I am saying that you will respond to whatever training you do. I do not know how interesting this is but from my tests ( 8 x 6min with the same warm up protocol, with 1.5% incline and performed on the same treadmill every time)
Test 1 (January): LT1 (1.2mmol): 13km/h. LT2 (2.8mmol): 15.5km/h
Test 2 (March) LT1 (1.2mmol): 15.5km/h. LT2 (2.7mmol): 16.7km/h
Not particularly interesting on its own of course. But my HR at 15.5km/h during the first test was 166avg with a peak of 173. During the second test my HR at 15.5km/h was 162avg with a peak of 166. Note that during the first test this was LT2 but LT1 during the second test.

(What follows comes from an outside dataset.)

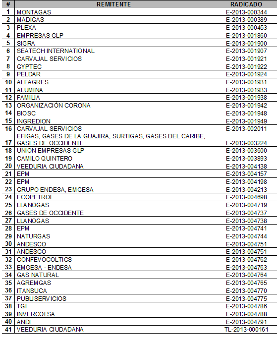 La Resolución CREG 090 de 2012, en su artículo 2, estableció el plazo para la presentación de comentarios, observaciones y sugerencias a la propuesta de remuneración de la actividad de distribución de gas combustible por redes de tubería, el cual fue ampliado mediante la circular CREG 019 de 2013 hasta el 31 de mayo de 2013. Así mismo, en este artículo se determinó que los comentarios a la CREG debían ser enviados en medio físico y en medio magnético en archivo de texto.
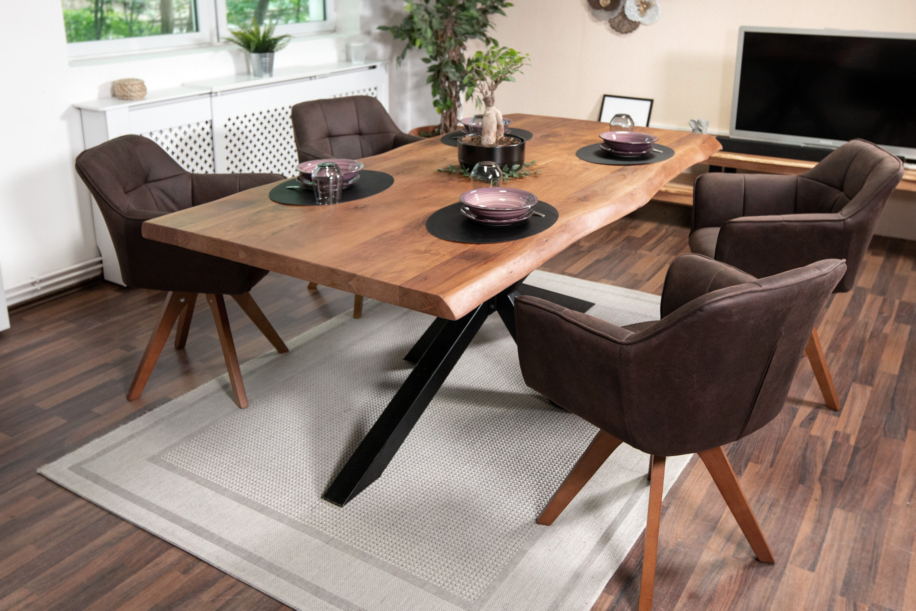 Esstisch Baumkante massiv Akazie Nuss 300 x 120 X-Gestell schwarz CALI

Sure, you can argue that 162 and 166 aren't the same but I do not know if I would have thought too much about it (my max hr is 191).
The points I would like to drive home are the following:
1) If you increase your capacity at threshold you will produce lower levels of lactate at the same HR. Eventually you will hit the ceiling (unless your vo2 max is high) and some Vo2 max work is required
2) Using HR alone might not be enough. Include RPE if you do not process a lactate meter.
3) It *FELT* easy to run at 15.5km/h the second time even though I was breathing. The first time I could notice how my legs started to run.
This is obviously an n=1 experiment and yes I suck at running.
Time to exhaustion will obviously matter. LT2 could be sustainable for me for 45min and 70 for you, meaning that even if we did obtain the same test results, you would wipe the floor with me. But as I mentioned in the above post, I do not agree with you regarding to how HR follows lactate over time.
Anyway, we agree on RPE being the number one metric :)
Does anybody have idea, why for Jackob 3.0 mmol and 2.2 mmol are magic number?
I found some studies, it may be interesting.
In short, there is a certain point like vLEmin, from which you can very accurately determine the steady state point, and it will be different for each athlete, maybe these 3mmol come from there, and someone has 3.2 and 2.4, someone has 3.5-2.5, someone has 2.8 and 2.0. Like me I understood, the whole dance goes around this point - MLSS. That is, without a laboratory and the construction of a lactate curve, even having a lactate measuring device, it is useless to train trying to copy the values of others?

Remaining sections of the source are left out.